(634c) Instantaneous Nucleation of Carbon Dioxide Hydrates Using Magnesium

Gas hydrates offer technological solutions in areas like CO₂ capture and sequestration, desalination and gas separation. Formation of gas hydrates is severely constrained by long induction (wait) times, which can range from hours to days in the absence of external promotion techniques. Presently, we report that magnesium (in pure and alloyed form) can significantly accelerate the nucleation of CO₂ hydrates. We report magnesium-promoted induction times of just a few minutes (in the absence of surfactants and mechanical stirring), via statistically meaningful measurements of nucleation kinetics in milli-liter volume reactors. Interestingly, in larger reactors (half liter volume) we observe instantaneous nucleation, where hydrates nucleate even before the reactor is completely pressurized with CO₂. This is the fastest reported nucleation time of gas hydrates in quiescent gas-water systems. Visualization of hydrate formation coupled with post experiments-XPS and FTIR analysis reveals important insights underlying nucleation promotion. Overall, this simple, passive, environmental-friendly technique opens up new pathways towards instantaneous nucleation, thereby solving a key challenge in the field of hydrates.

Introduction

Gas hydrates are ice-like crystalline solids consisting of cages of water molecules enclosing a ‘guest molecule’. Gas hydrates offer promising solutions in areas like CO₂ sequestration, desalination, gas separation, storage etc. Nucleation of hydrates has been a top challenge in this field; nucleation refers to the formation of the first ‘stable’ crystal of hydrate that can subsequently grow[1]. Subsequently, hydrates grow on the gas-liquid interface as a film [2]. The induction (wait) time for hydrates to nucleate can range from hours to days in the absence of external promotion techniques. An important recent discovery by the present group involved the use of aluminum surfaces to promote nucleation of CO₂ hydrates[3]. Presently, we report that magnesium (Mg) induces nucleation of CO₂ hydrates within a few minutes; this represents a >10X improvement from our previous result, with the observed reduction in nucleation time being as high as 98%, compared to [3]. Both pure Mg, as well as a common Mg alloy (AZ31) display enhanced nucleation with pure water as well as salt water. X-ray photoelectron spectroscopy (XPS) and Fourier-transform infrared spectroscopy (FT-IR) provided insights into the surface chemical changes controlling the nucleation of CO₂ hydrates. Fig 1 shows the images of carbon dioxide hydrate formation using Magnesium plates.

Methods

Figure 2 shows a schematic of the experimental setup. A custom-built 450 mL, pressure vessel (Parr Inst.) with sapphire windows (for visualization) was used. Experiments were conducted in 3 ml capacity polystyrene spectrophotometric cuvettes; 4 cuvettes could be accommodated in the visualization window per experiment. The pressure vessel was located in an environmental chamber (ESPEC) to cool it. Hydrate nucleation was detected visually using a Nikon DSLR 850 fitted with a Tokina macro lens. Mirror- polished (surface roughness: 137 nm) Mg alloy (AZ31) plates (from Goodfellow), and pure Mg rods (99.9 % purity, from Sigma Aldrich) were used.

Results

Table 1 shows the induction time in small scale polystyrene cuvette-based reactors. Both pure Mg and Mg alloy AZ31 show very effective promotion with average nucleation times around 10 minutes in deionized (DI) water. With saltwater with salinity of 35 g/L, the average nucleation time with Mg alloy is about 24 minutes which is still very favorable, compared to the two hour induction time in the absence of Mg (with saltwater). Without the presence of either Mg alloy or pure Mg, no nucleation of CO₂ hydrates was observed in 15 hours.

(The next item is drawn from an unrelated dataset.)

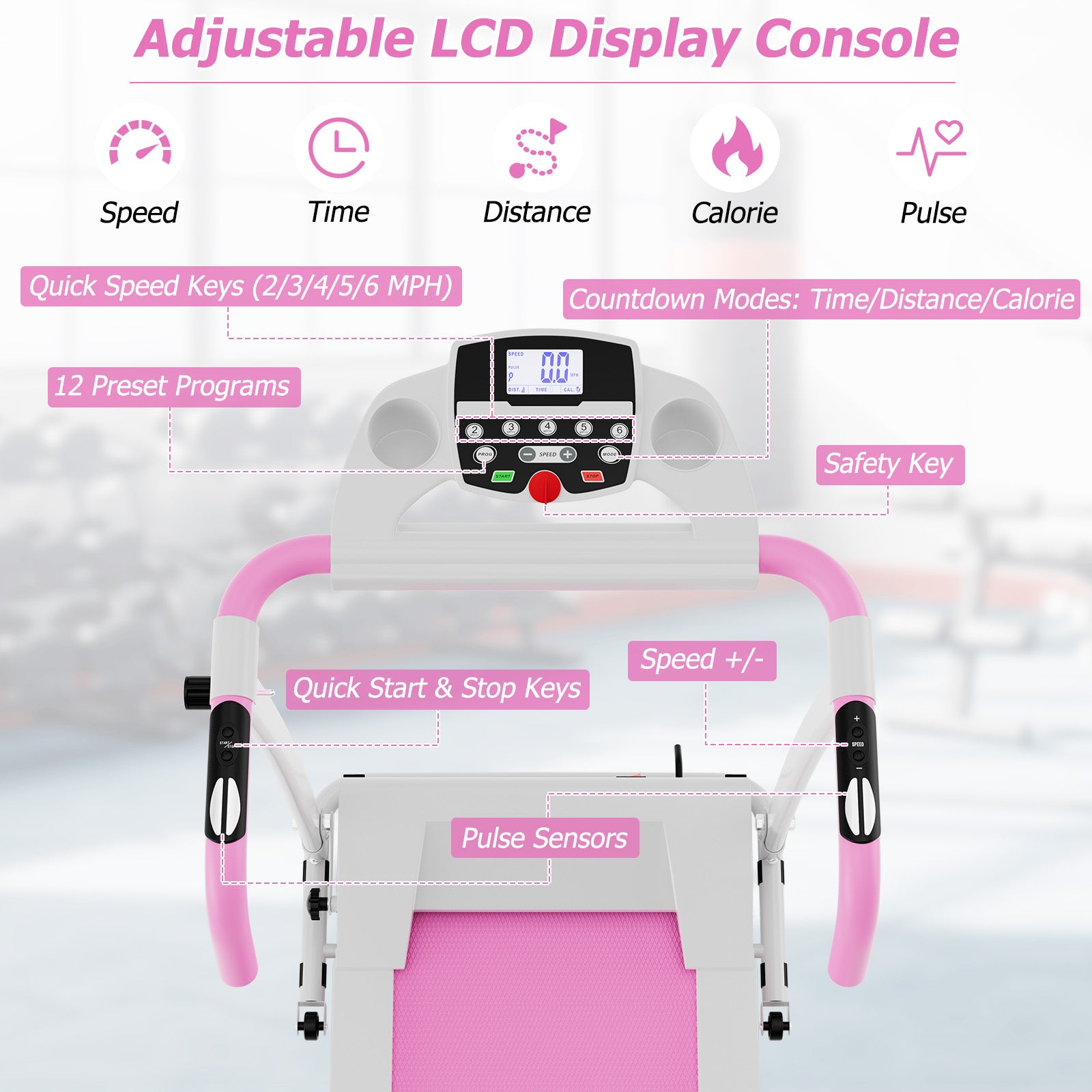 Folding Treadmill with 12 Preset Programs and LCD Display-White

Table 2 shows the influence of various configurations of Mg alloy plates on the nucleation of CO₂ hydrates in DI water. The different configurations are depicted in Fig 3. It is clearly observed that the three-phase contact line of Mg-water-CO₂ plays a critical accelerating role in nucleation of CO₂ hydrates. Also, placing the Mg alloy plates close to the cuvette surface accelerates nucleation even further and average nucleation times as low as 3 minutes is observed.

Next, we studied this concept in larger reactors of stainless steel with 350 ml of deionized water. We observed instantaneous nucleation, wherein CO₂ hydrates nucleated during the pressurization stage at pressures ranging between 350-400 psi. Statistical measurements of induction time resulted in a mean of 0.7 mins and standard deviation of 0.1 mins. Without the presence of Mg, CO₂ hydrates nucleated with a mean induction time of 53 minutes and standard deviation of 16 mins.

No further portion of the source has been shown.